The cited sources don't contain any references to this technique according to Google books previews: [1], [2], [3]; the last source is about lipid rescue. There are no results for "therapeutic lipovenous injection" outside of Wikipedia mirrors and no relevant results for searches like "lipid therapy" +celebrity, "lipid therapy" +pseudoscience, etc. I found 2 references to it on blog sites: [4], [5], but the wording of these posts makes it clear that they're just cribbing from the Wikipedia article. I was tempted to tag this for G3, but since the article has been around since 2008 and the title is hard to search for I decided to bring it here. SpicyMilkBoy ( talk) 16:14, 6 November 2019 (UTC) reply

Note: This discussion has been included in the list of Medicine-related deletion discussions. SpicyMilkBoy ( talk) 16:14, 6 November 2019 (UTC) reply
  • Delete per analysis from nom. While there are a number of medical practices or treatments referred to as "lipid therapy" or something similar, none of them appear to have anything to do with the claimed procedures in this article. Either this is indeed a hoax, or something so minor that nothing was written about it. Either way, it can be deleted. Rorshacma ( talk) 17:07, 6 November 2019 (UTC) reply
  • Delete. I'm not quite sure this is a hoax per se. I think this is quackery, taking the legitimate use of lipid emulsion as a treatment for fat-soluble drug overdoses, and wrapping that up in the "purge the toxins" fetish. But in any case, there aren't really any sources evident, and even if we happen to dredge up a couple, this would certainly run afoul of WP:FRINGE besides. Squeamish Ossifrage ( talk) 17:15, 6 November 2019 (UTC) reply
  • Delete. Does not appear to exist, not even as a quackery treatment. I find it a bit odd that these two blogs put so much work into paraphrasing this, but they do indeed seem to just be paraphrasing this article. The fake bibliography is sneaky. If confirmed, this would be the 11th longest living hoax here. – Thjarkur (talk) 17:19, 6 November 2019 (UTC) reply
  • I was going to say that the half-life of quackery websites is generally quite short, so there's a real reason to suspect that the web presence of one fringe treatment or another might have evaporated since the 2008 article creation.
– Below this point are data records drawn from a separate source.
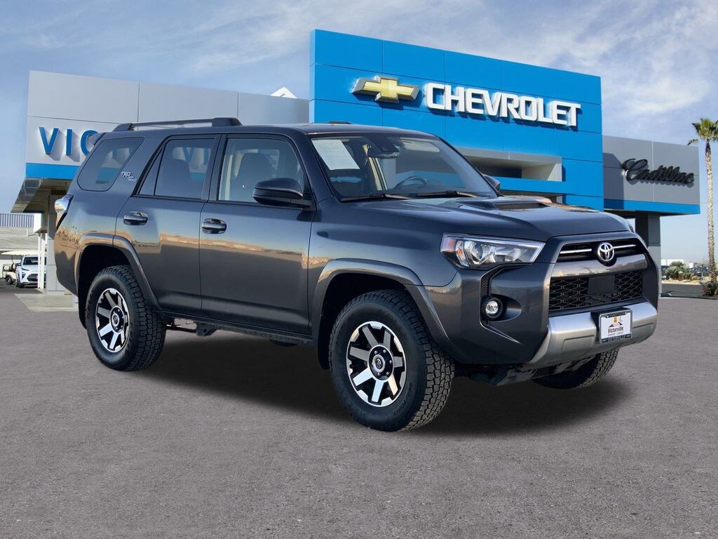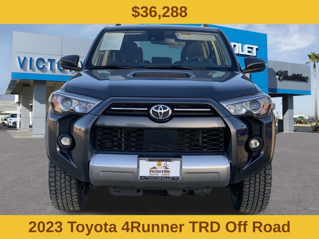 4Runner TRD Off-Road, 4D Sport Utility, 4.0L V6 DOHC 24V, 5-Speed with ECT, 4WD, Magnetic Gray Metallic, Black/Graphite Cloth, 3.727 Axle Ratio, 4-Wheel Disc Brakes, 8 Speakers, ABS brakes, Air Conditioning, Alloy wheels, AM/FM radio: SiriusXM, Anti-whiplash front head restraints, Apple CarPlay/Android Auto, Auto High-beam Headlights, Black Roof Rails, Brake assist, Bumpers: body-color, Compass, Driver door bin, Driver vanity mirror, Dual front impact airbags, Dual front side impact airbags, Electronic Stability Control, Emergency communication system: Safety Connect (1-year trial), Exterior Parking Camera Rear, Fabric Seat Trim, Front anti-roll bar, Front Bucket Seats, Front Center Armrest, Front fog lights, Front reading lights, Front wheel independent suspension, Heated door mirrors, Illuminated entry, Knee airbag, Leather Shift Knob, Low tire pressure warning, Occupant sensing airbag, Outside temperature display, Overhead airbag, Overhead console, Panic alarm, Passenger door bin, Passenger vanity mirror, Power door mirrors, Power driver seat, Power steering, Power windows, Radio: Audio Plus, Rear anti-roll bar, Rear seat center armrest, Rear window defroster, Rear window wiper, Remote keyless entry, Security system, Speed control, Speed-sensing steering, Split folding rear seat, Spoiler, Steering wheel mounted audio controls, Tachometer, Telescoping steering wheel, Tilt steering wheel, Traction control, Trip computer, Variably intermittent wipers, and Wheels: 17" Unique 7-Spoke Off-Road Alloy.
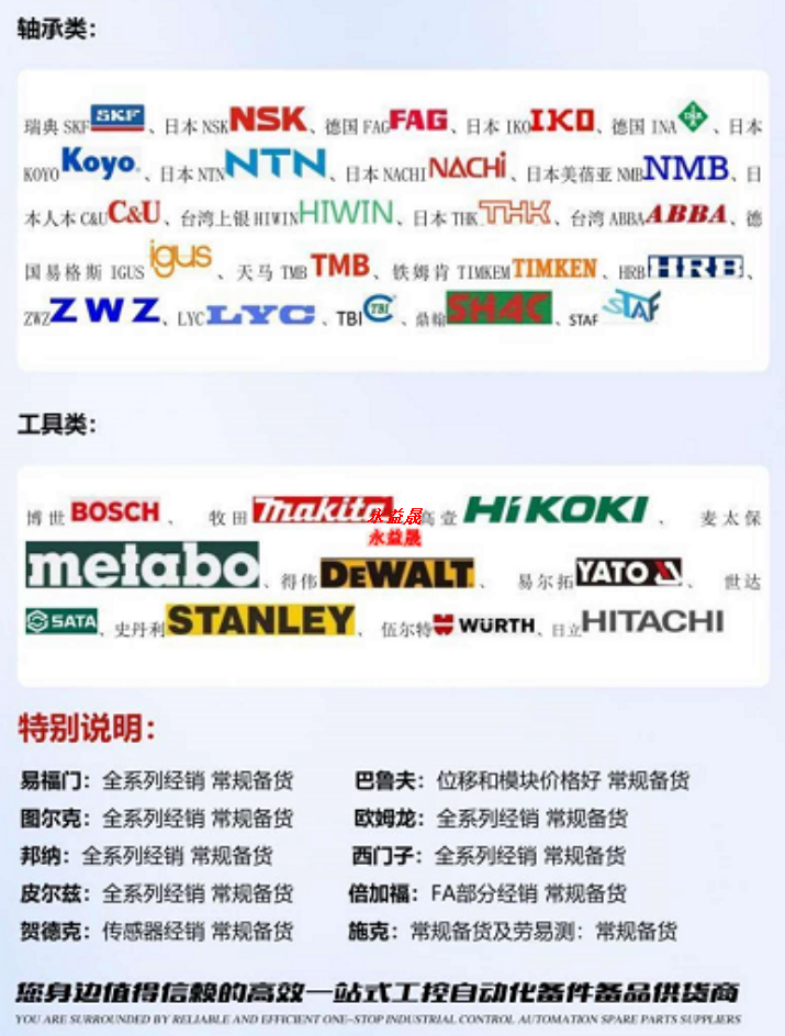 一、自动化控制元件:喜开理CKD(代理),宜丽客ELECOM,PISCO(代理)、今尾IMAO、SMC、米思米MISUMI、山武AZBIL YAMATAKE、欧姆龙OMRON、小金井KOGANEI、藤仓FUJIKURA、东崎TOKY、千代田通商CHIYODA、不二越 NACHI、MIRAI未来工业,横滨YOKOHAMA,THK,SUS电缸,日开NKK,索尼MAGNESCALE,伊东ITOH,IDEC和泉;
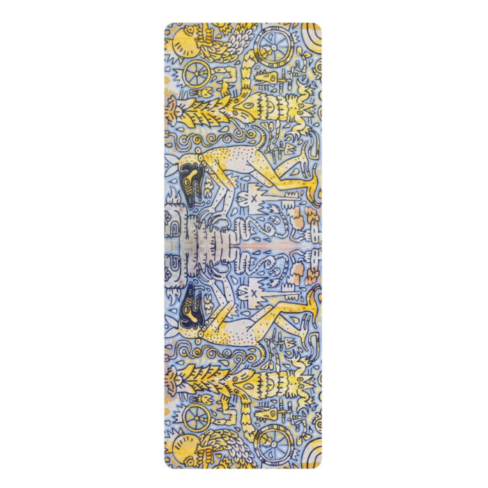 The Tulum Rubber Yoga Mat brings sacred intention to every session with a design inspired by authentic Mayan artistry. Featuring edge-to-edge prints drawn from the murals of San Cristóbal de las Casas, this mat connects your practice to a deeper story – one of ancestral knowledge and living tradition.
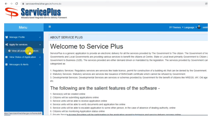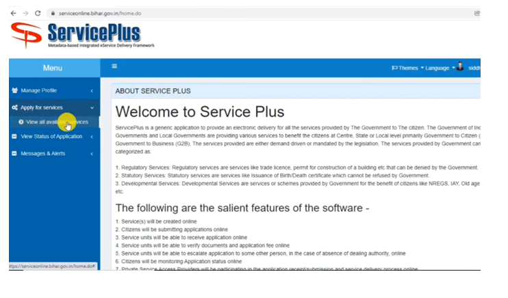 • अब आप के सामने एक नया पेज ओपन हो जाएगा जिसके मेन्यू बार में आपको Apply for Services का विकल्प दिख रहा होगा। इसपर क्लिक करें।

But on the other hand, the article creator's editing pattern (ten trivial edits to innocuous topics, then this article creation, a couple userboxes, and out) is one not unusual for people sneaking in wholly fabricated content. Six of one, half-dozen of the other, I suppose. Squeamish Ossifrage ( talk) 17:39, 6 November 2019 (UTC) reply
  • The other thing that makes me suspect it's a hoax is that the article doesn't seem to be promoting the quackery. Its talk of "slimy discharge" and "questionable documentation on their acquisition of the animal fat" is rather offputting. It really reads like someone making up something gross as a joke. SpicyMilkBoy ( talk) 17:44, 6 November 2019 (UTC) reply
  • Yes, that was my impression, too — it reads a bit like someone inventing a gross "treatment" that celebrities would faddishly go in for. I wonder if fabricated bibliographies (books that sound like they're relevant, etc.) are common for long-lived hoaxes. Anecdotally, I can recall a couple instances, but I'm not sure if anyone has looked into that tactic systematically. XOR'easter ( talk) 18:07, 6 November 2019 (UTC) reply
The above discussion is preserved as an archive of the debate. Please do not modify it. Subsequent comments should be made on the appropriate discussion page (such as the article's talk page or in a deletion review). No further edits should be made to this page.